The nucleotide, cADPR has been implicated as an additional Ca2+-mobilizing messenger [9, 17]. It is synthesized by ADPR-ribose cyclase enzymes, CD38 or CD157 in mammals [18, 19], which are widely distributed, pointing to a ubiquitous role of cADPR. The ability of cADPR to mobilize cytosolic Ca2+ is distinct from that of InsP3, but instead is thought to involve an action on RyRs in the ER membrane. The interaction of cADPR with RyRs to enhance Ca2+ liberation was initially demonstrated in sea urchin egg homogenates by showing the sensitivity of cADPR-mediated Ca2+ release to pharmacological inhibitors of RyRs [20], and has subsequently been studied extensively in cardiac muscle. Most studies concur that the primary target of cADPR is the RyR [2128]. However, a report by Lukyanenko showing that Ca2+ uptake by cardiac microsomes is accelerated by cADPR led to the suggestion that the enhanced Ca2+ liberation through RyR activity may also arise indirectly because increased SR Ca2+ uptake leads to an elevated SR Ca2+ content [29, 30]. This hypothesis consistent also with more recent studies [31] demonstrating a dual effect of cADPR in ventricular myocytes; that is, an initial, rapid effect to increase SR Ca2+ release by changing sensitivity of RyRs to cytosolic Ca2+ without changing SR Ca2+ content or affecting L-type Ca2+ channels, followed by a slower enhancement of SR Ca2+ levels consistent with an increased rate of Ca2+ uptake.

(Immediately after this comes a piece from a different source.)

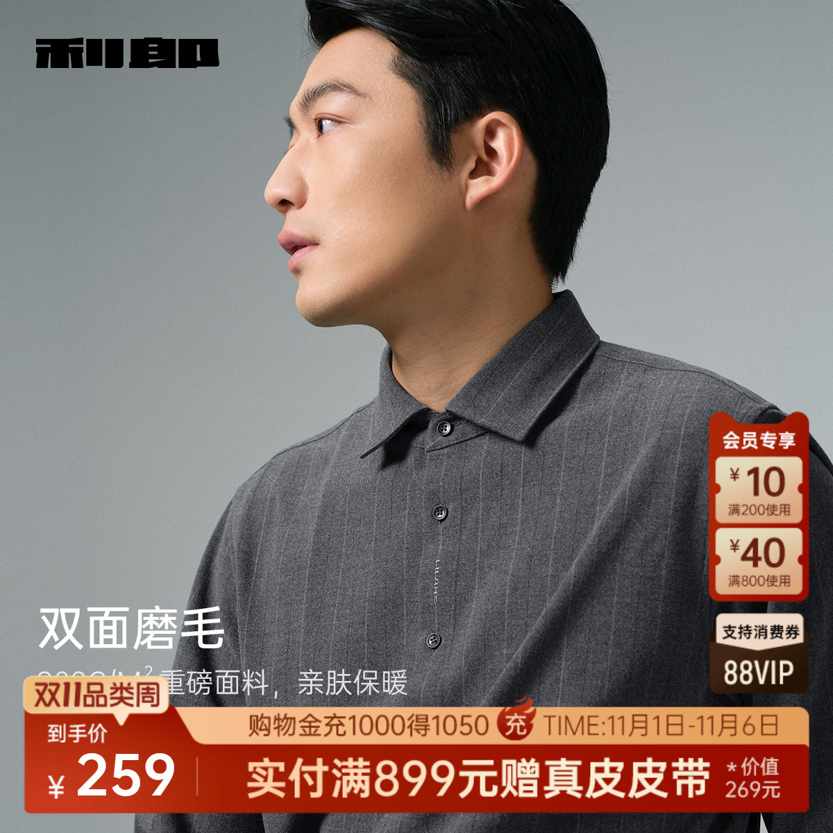 长袖 衬衫 男士 新款 利郎官方 商务休闲条纹2025冬季 衬衣男 磨毛

Studies to confirm and elucidate how cADPR may modulate SR Ca2+ uptake are obviously complicated in cell types that display RyR-mediated Ca2+ liberation. In the present study, we thus address whether cADPR exerts a specific action on SERCA by using Xenopus laevis oocytes, which express InsP3Rs but not RyRs [32]. Consistent with this, and with earlier reports [33], photorelease of cADPR failed to evoke detectable Ca2+ signals in oocytes. We then examined the effects of cADPR on the clearance of cytosolic Ca2+ transients evoked by photoreleased InsP3 and by influx through expressed plasmalemmal nicotinic acetylcholine receptors (nAChR) in response to hyperpolarizing voltage-clamped pulses. Both photoreleased cADPR and intracellular loading of a non-metabolizable cADPR analogue, 3-Deaza-cADPR [34], accelerated the decay of these cytosolic Ca2+ transients. Moreover, this acceleration was abolished by the specific SERCA inhibitor thapsigargin [35], and was antagonized by the cADPR inhibitors 8-NH2-cADPR and 8-Br-cADPR [36]. We thus conclude that cADPR may play a physiological role in promoting SERCA activity.

2. Methods

2.1 Oocyte preparation

Xenopus laevis (purchased from Nasco International, Fort Atkinson, WI, USA) were sacrificed according to the protocols approved by the UC Irvine Institutional Animal Care and Use committee, and stage V–VI oocytes were isolated after removing ovaries. Oocytes were treated with collagenase (1 mg/ml of collagenase type A1 for 30 min) to remove enveloping cell layers and were stored in modified Barth’s solution (mM: NaCl, 88; KCl, 1; NaHCO3 2.4; MgSO4, 0.82; Ca(NO3)2, 0.33; CaCl2, 0.41; Hepes, 5; gentamicin, 1mg/ml; pH 7.4) for 1 – 5 days before use.

2.2. Expression of nAChRs

Plasmids containing cDNA clones coding for the muscle nicotinic receptor α, β, γ, and δ subunits were linearized and transcribed in vitro, and corresponding cRNAs (molar ratio 2 : 1 : 1 : 1) were mixed to a final concentration of 0.1–1 mg/ml and injected (50 nl) into oocytes. Oocytes were maintained at 16 °C for 1–3 days to express nACh-Rs in the plasma membrane. Expression level was monitored using a voltage clamp to measure current in response to 100 – 500 nM ACh: oocytes showing currents >1 μA at −80 mV were selected for experiments.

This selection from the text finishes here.